- **What is needed**
Could you retype every line below exactly, omitting the images?

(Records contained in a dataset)

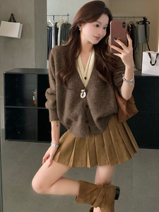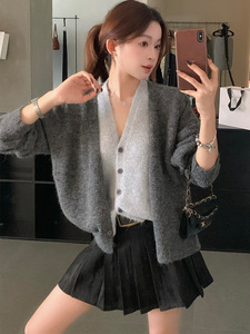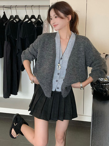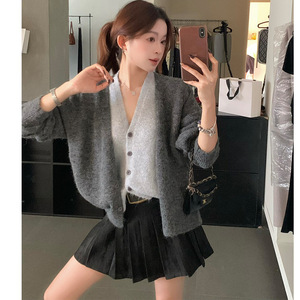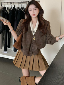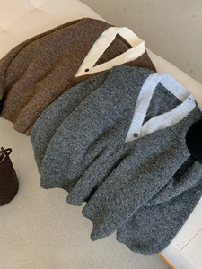 假两件撞色毛衣开衫女秋冬新款松弛感慵懒风宽松显瘦百搭针织上衣
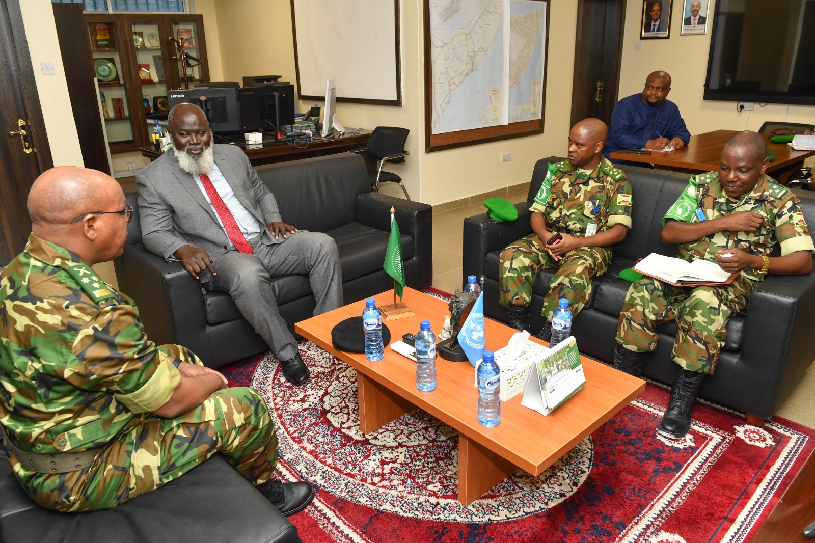 Le Chef Adjoint de la Force de Défense Nationale du Burundi s’est également entretenu avec le Représentant Spécial du Président de la Commission de l'Union Africaine en Somalie et Chef de Mission, l'Ambassadeur El Hadji Ibrahima Diène. Leurs échanges se sont focalisés sur le mandat de l'AUSSOM et le renforcement des efforts de lutte contre Al-Shabaab, tout en soutenant les initiatives de paix menées par les Somaliens. Le SRCC a salué l'engagement, le professionnalisme et les sacrifices consentis par le Burundi pour la promotion de la paix et la sécurité en Somalie.
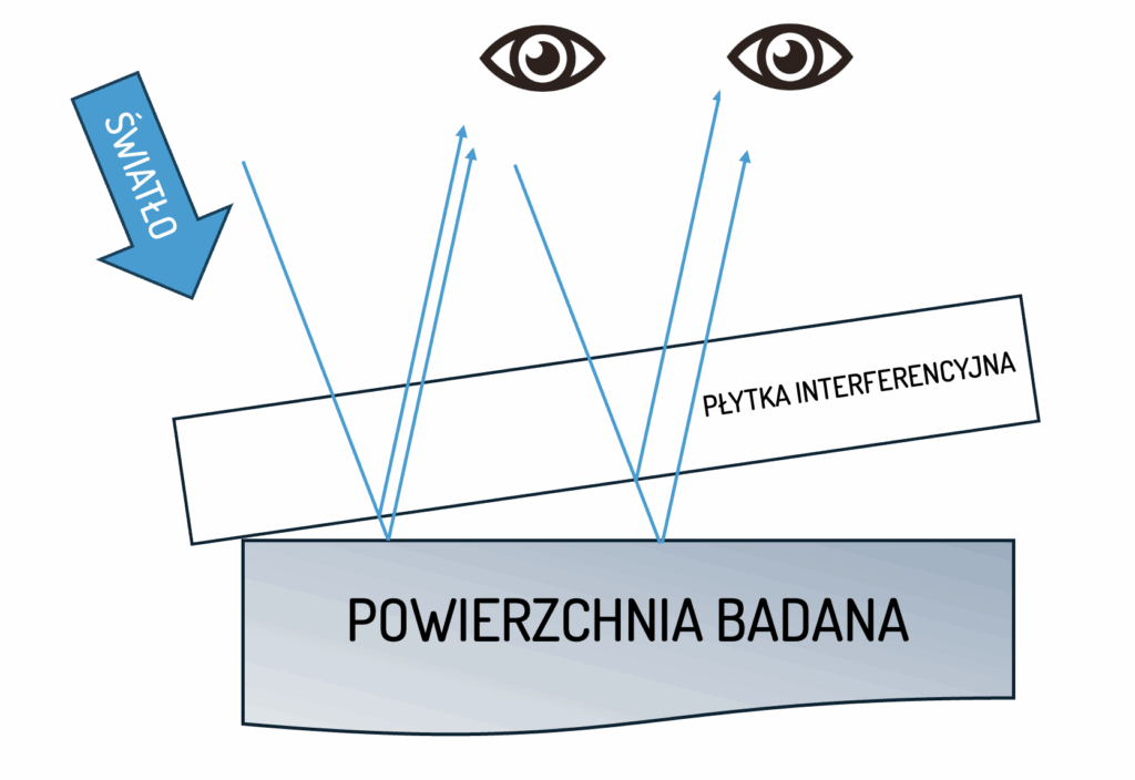 - Wiązka 1: Odbija się od dolnej powierzchni płytki szklanej wzorcowej (powierzchnia odniesienia).
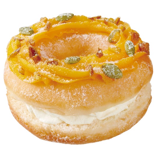 『クリスピー・クリーム・プレミアム 名古屋 パンプキン ミルク』は、秋の味覚の代表のひとつ「かぼちゃ」が主役のドーナツです。軽いくちどけのホイップクリームをサンドしたドーナツ生地の表面に、ほくほくとした甘み豊かな北海道産のかぼちゃあんをぐるっと絞り、キャンディングアーモンドとパンプキンシードで秋らしい香りをトッピング。ダブルのクリームが口の中でリッチに溶け合い、かぼちゃのほくほくとしたやさしい甘さを口いっぱいに堪能できる、秋にぴったりのドーナツです。
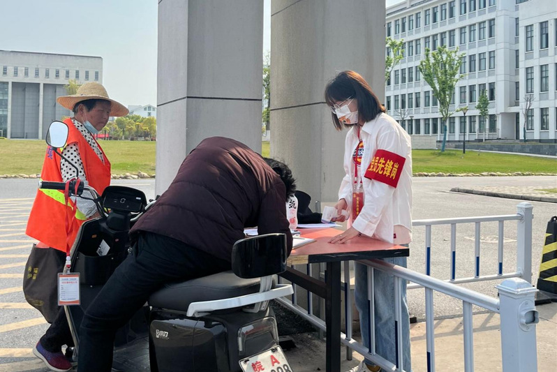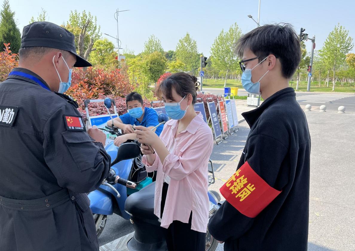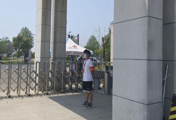 志愿者们顶着烈日,配合保安做好进出人员两码核验、体温检测、信息登记等工作。他们以身作则、以身示范,站好岗、放好哨、值好勤,严格落实校园防控各项措施。
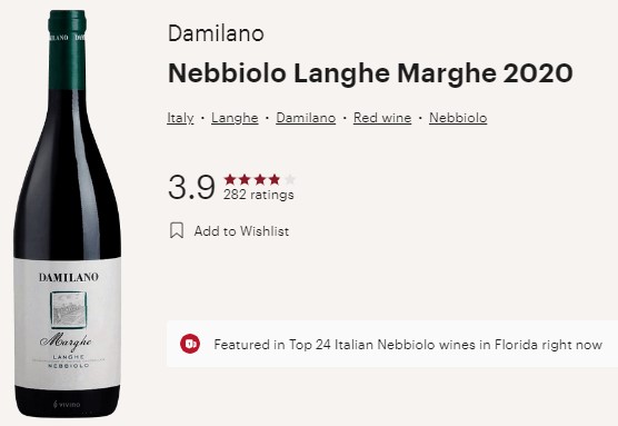 100% Nebbiolo grapes and the limestone/clay-rich soil in the townships of Langhe are the fundamental traits that give this wine its ruby red color with hints of maroon reflections, a delicate and unique fragrance with tips of violet and red fruit, and finally a balanced tannic taste and a velvety, harmonic body.

- **Answer for the task**
 假两件撞色毛衣开衫女秋冬新款松弛感慵懒风宽松显瘦百搭针织上衣
 Le Chef Adjoint de la Force de Défense Nationale du Burundi s’est également entretenu avec le Représentant Spécial du Président de la Commission de l'Union Africaine en Somalie et Chef de Mission, l'Ambassadeur El Hadji Ibrahima Diène. Leurs échanges se sont focalisés sur le mandat de l'AUSSOM et le renforcement des efforts de lutte contre Al-Shabaab, tout en soutenant les initiatives de paix menées par les Somaliens. Le SRCC a salué l'engagement, le professionnalisme et les sacrifices consentis par le Burundi pour la promotion de la paix et la sécurité en Somalie.
 - Wiązka 1: Odbija się od dolnej powierzchni płytki szklanej wzorcowej (powierzchnia odniesienia).
 『クリスピー・クリーム・プレミアム 名古屋 パンプキン ミルク』は、秋の味覚の代表のひとつ「かぼちゃ」が主役のドーナツです。軽いくちどけのホイップクリームをサンドしたドーナツ生地の表面に、ほくほくとした甘み豊かな北海道産のかぼちゃあんをぐるっと絞り、キャンディングアーモンドとパンプキンシードで秋らしい香りをトッピング。ダブルのクリームが口の中でリッチに溶け合い、かぼちゃのほくほくとしたやさしい甘さを口いっぱいに堪能できる、秋にぴったりのドーナツです。
 志愿者们顶着烈日,配合保安做好进出人员两码核验、体温检测、信息登记等工作。他们以身作则、以身示范,站好岗、放好哨、值好勤,严格落实校园防控各项措施。
 100% Nebbiolo grapes and the limestone/clay-rich soil in the townships of Langhe are the fundamental traits that give this wine its ruby red color with hints of maroon reflections, a delicate and unique fragrance with tips of violet and red fruit, and finally a balanced tannic taste and a velvety, harmonic body.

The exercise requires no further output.